Молчаливый старик с морщинистым, темным, как брошенное возле стены конское седло, лицом, смотрит на меня сощуренными донельзя глазами-щелками, показывая жестом, чтоб я подошел. Я подхожу, и моя ладошка оказывается в его узловатой темной руке.
Он ведет меня обедать. Зная, что хозяева наши едят руками, мама снабдила меня деревянной ложкой. И напрасно. Едва все уселись у большого черного котла — старик, не говоря ни слова, отобрал у меня ложку и спокойно, будто всякий раз только тем и занимался, переломил ее и отбросил обломки. Когда бабушка поставила передо мной миску и все принялись за еду, я понял, что надо есть как все.

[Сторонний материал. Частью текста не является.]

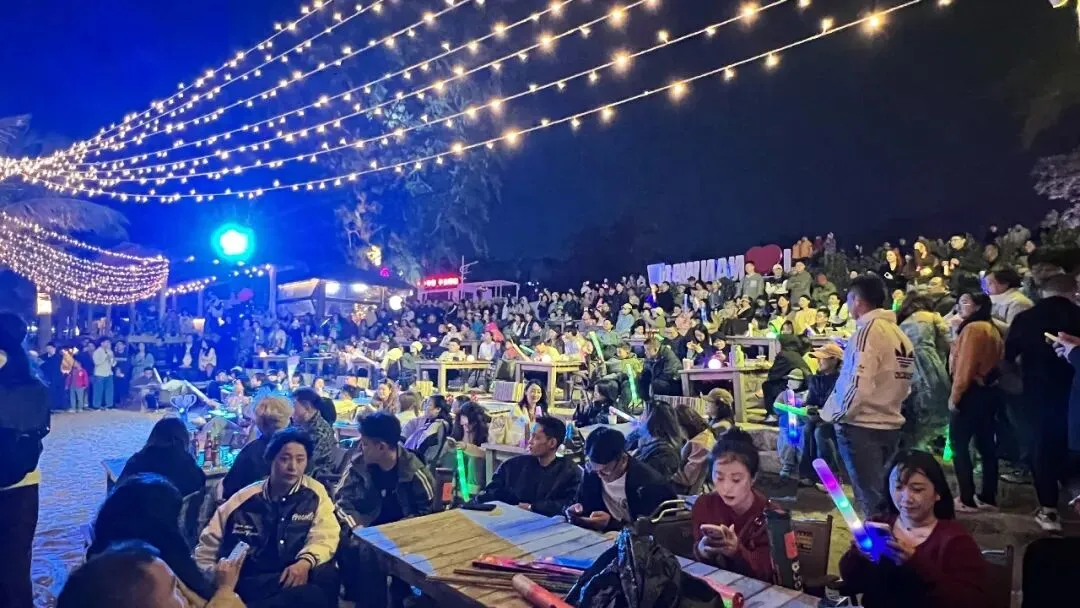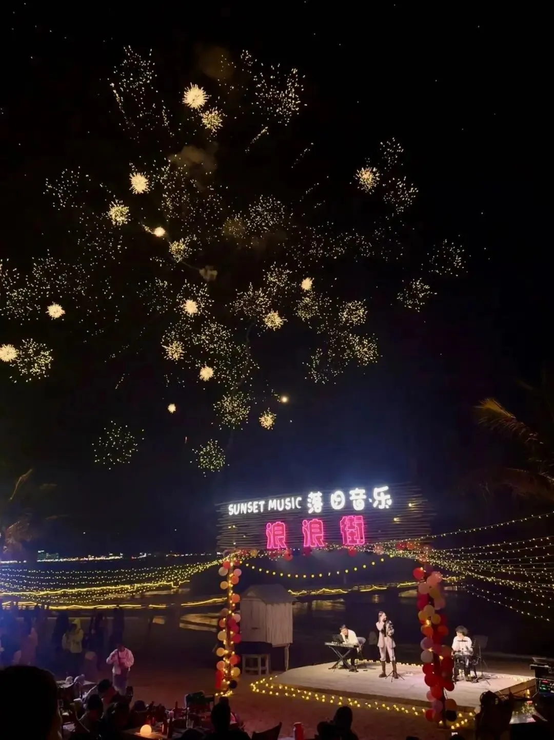 国潮电音夜夜狂欢,全家共享欢乐时光。国潮乐队混搭炫酷电音,舞台热浪持续输出,熟悉的歌声响起全场一起大合唱,大朋友小朋友在沙滩上撒欢蹦跳,感受新春热闹。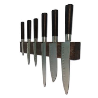 Настенный магнитный держатель для шести ножей. Изготовлен вручную из массива дуба. Пропитан натуральным маслом. Цвет - венге. Размеры 390х65х35 мм. Крепежные изделия в комплекте. None Страна производства: Россия Возможен самовывоз. Есть доставка.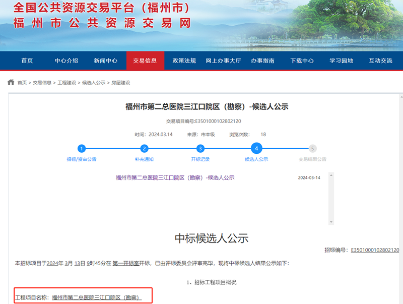 3月14日,全国公共资源交易平台(福州市)福州市公共资源交易网发布《福州市第二总医院三江口院区(勘察)-候选人公示》。公示显示本招标项目于2024年3月13日9时45分在第一开标室开标,已由评标委员会评审完毕。
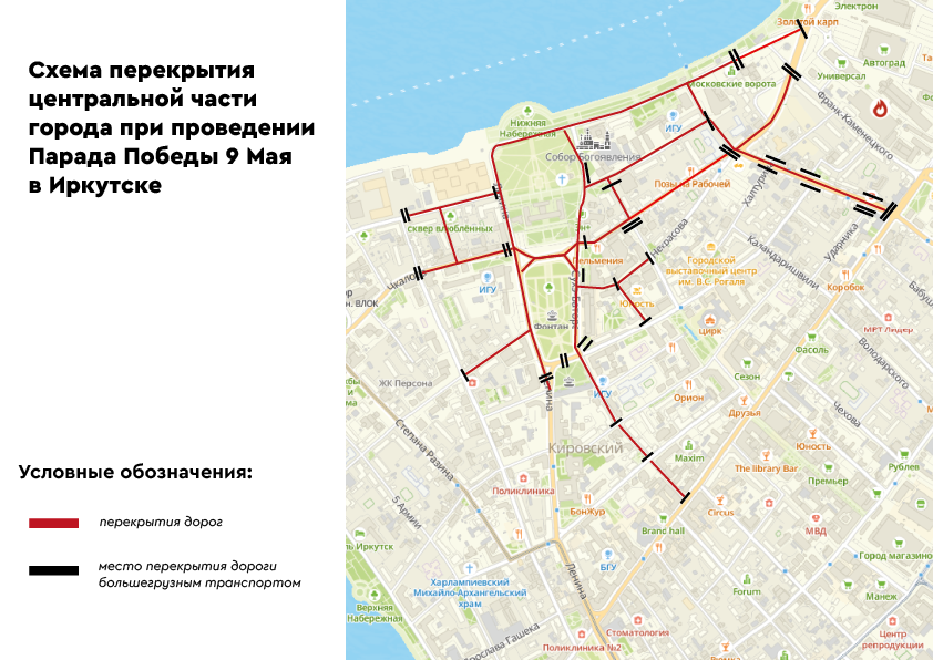 Парковка личного автотранспорта будет запрещена в радиусе 500 метров от мест перекрытия, будет работать эвакуатор. Для удобства иркутян РКТЦ «Фортуна» откроет парковку на территории на весь день. Воспользоваться ей можно будет бесплатно.

Очень скоро я крепко подружился со смуглым черноглазым Абдунаби и с дедом. Бывало, ходил за Бекбулатом по пятам, мешая ему во всех домашних делах, но он никогда не гнал меня от себя. Я выучился их языку и уже не только понимал, но и сам мог объясняться.
Дед строже относился к своему внуку, чем ко мне. Несмотря на некоторую угрюмость, он был все же добрый.
Вот он под навесом стрижет нас с Абдунаби большими «овечьими» ножницами: совсем белые, выгоревшие на немилосердном солнце, мои волосы падают на землю, на черные, как смола, волосы Абдунаби; потом мама, смешав их, выметет со двора.
Солнце клонится к закату, но еще горячи пески за нашей мазанкой, стоящей на краю села. Раскаленный сухой воздух дрожит над барханами, но уже не так больно глазам и нет уже дневной духоты. В тени под стеной я играю дынными корками. Мама разрешила играть на улице, сидеть под замком до смерти надоело. Несколько дней кряду во дворе никого не было: Абдунаби со стариками уехал в район, меня запирали на замок на целый день, и я мечтал, что мама будет брать меня с собой на работу и я увижу ослика и верблюдов, о которых столько слышал.
Однажды, вернувшись с работы, мама не нашла меня в нашей маленькой комнате. Во внезапном слепом страхе она бросилась искать меня по двору, потом на улице. Едва ли не в обморочном состоянии она возвратилась, в слезах повалилась на сундук и тут увидела меня — в узкой щели между сундуком и стеной, крепко спящего.
На улице лучше. Каждая дынная корка — кораблик, их у меня целая флотилия, и плывет он по песчаным волнам туда, где есть настоящая вода, много воды, где воздух свеж и прохладен, где деревья и трава зеленые, где поют птицы и летают стрекозы.
Плывут мои кораблики. А перед глазами встают вдруг тонкие деревья, белоствольные, легкие, как дым. А под обрывом я вижу речушку, выглядывающую из густых зарослей ивняка.
Вот ведь! Сейчас, спустя годы, думаю: я и мои предки родились у речушки Карачан, в местах, где вольно гуляли хазары, где прошли полчища Батыя. Мальчишкой я попал в аул Карабулак, названием до странности схожий с корнями моей родины.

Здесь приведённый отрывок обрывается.